We will use the following genomic mask file:

/home/databases/databases/GRCh38/mask99.bed.gz

This file is in the BED interval format, which stores genomic regions as:

chromosome   start(0-based)   end(1-based)
  • 0-based: first base has coordinate 0
  • 1-based: first base has coordinate 1

This mask contains genomic regions to exclude (often low-quality or repetitive regions). Because most genotypers do not recognize duplicated regions, combining hard filtering with mappability filters is best practice.

A typical hard-filtering command using GATK is:

gatk VariantFiltration \
   -V [INPUT VCF] \
   -O [OUTPUT VCF] \
   -filter "DP < 10.0"   --filter-name "DP" \
   -filter "QUAL < 30.0" --filter-name "QUAL30" \
   -filter "SOR > 3.0"   --filter-name "SOR3" \
   -filter "FS > 60.0"   --filter-name "FS60" \
   -filter "MQ < 40.0"   --filter-name "MQ40"

Explanation of filters:

FilterMeaning
DP < 10 Remove sites with <10× coverage
QUAL < 30 Remove sites where variant quality <30
     (variant QUAL ≠ genotype quality GQ — explanation:  
Variant QUAL vs GQ)
SOR > 3.0 Remove sites with strong strand bias (StrandOddsRatio)
FS > 60 Remove variants failing Fisher Strand bias test (FisherStrand)
MQ < 40 Remove sites where reads have low mapping quality

Note: No filter is perfect — you should progressively add filters, evaluate their impact, and ensure that you do not introduce unwanted biases.

Q1

How many sites were filtered out? Sites that pass all filters have PASS in the 7th column. Use grep to count PASS vs non-PASS entries.

Q2

The 7th column contains the name(s) of the filters that failed. Using cut, sort, and uniq -c, determine which filter removed the most sites.


Filtering by Mappability

Next, we remove variants that fall inside low-mappability regions, because reads cannot be uniquely mapped there and false positives are common.

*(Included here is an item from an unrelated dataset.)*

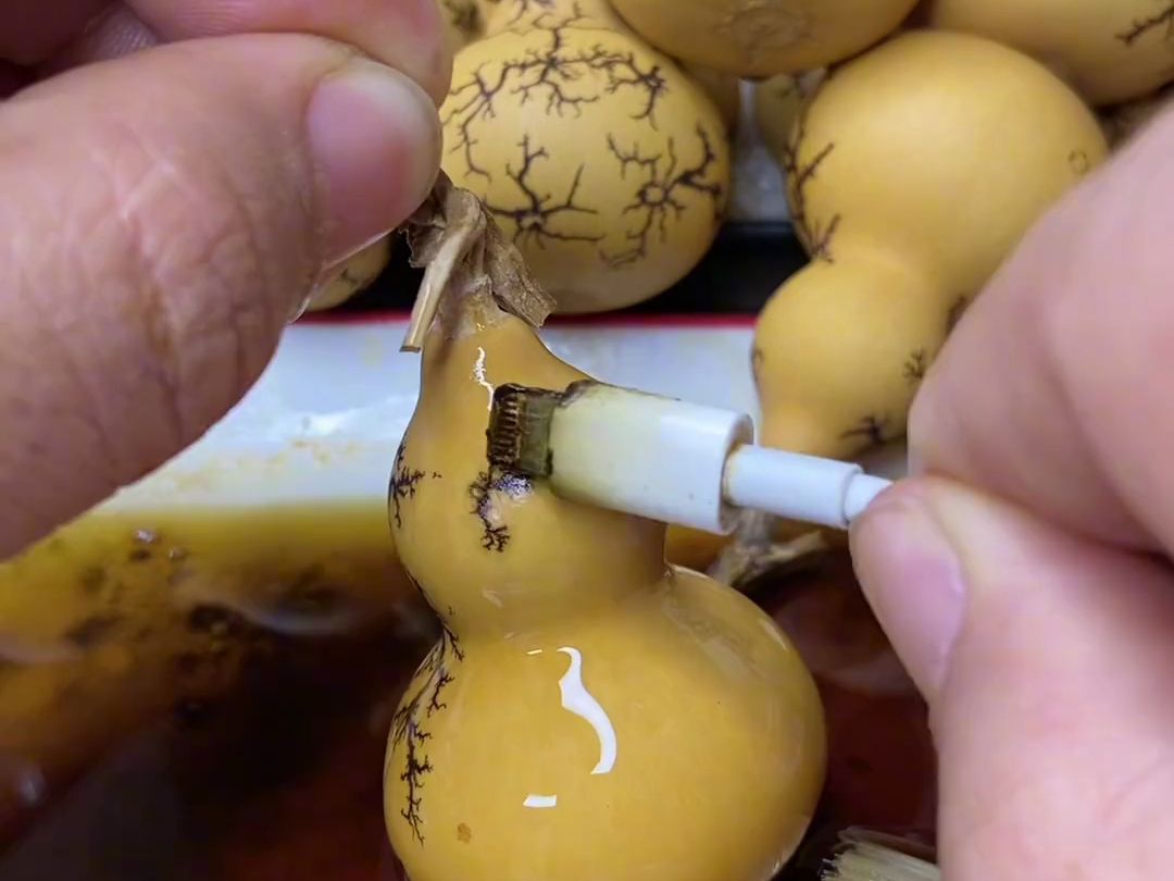 Handmade|Electric shock creates gourd artwork

Use bedtools intersect to retain only variants located in high-mappability intervals (≥99% unique mappability):

bedtools intersect -header \
   -a [INPUT VCF] \
   -b /home/databases/databases/GRCh38/filter99.bed.gz \
 | bgzip -c > [OUTPUT VCF]

Name your output:

NA24694_hf_map99.vcf.gz

The "99" refers to the proportion of synthetic reads that map uniquely at that position. Explanation: SNPable / mappability.

Q3

How many variants remain after removing low-mappability regions?


Annotation of Variants

Next, we examine the genomic context of variants: intronic, exonic, intergenic, UTR, etc. We use snpEff for variant annotation.

java -jar /home/ctools/snpEff/snpEff.jar eff \
   -dataDir /home/databases/databases/snpEff/ \
   -htmlStats [OUTPUT HTML] \
   GRCh38.99 \
   [INPUT VCF] \
 | bgzip -c > [OUTPUT VCF]
  • -dataDir: location of snpEff databases
  • GRCh38.99: genome version — must match the reference genome you used earlier

Run snpEff on your hard-filtered VCF (before mappability filtering):

  • HTML report: NA24694_hf.html
  • Annotated VCF: NA24694_hf_ann.vcf.gz

Open the HTML report:

firefox NA24694_hf.html

Q4

Which genomic region category contains the most variants (exon, intron, upstream, downstream, UTR, etc.)?

Q5

How many variants are predicted to cause a codon change? See explanations at: Point mutation


Please find answers here: <a href="SNP_calling_exercise_part_2_answers">SNP_calling_exercise_part_2_answers</a>

Congratulations — you finished the exercise!

Note: When piping bcftools view into other tools, consider specifying the output type using:

-O {b|u|z|v}

This avoids unnecessary compression/decompression and speeds up workflows.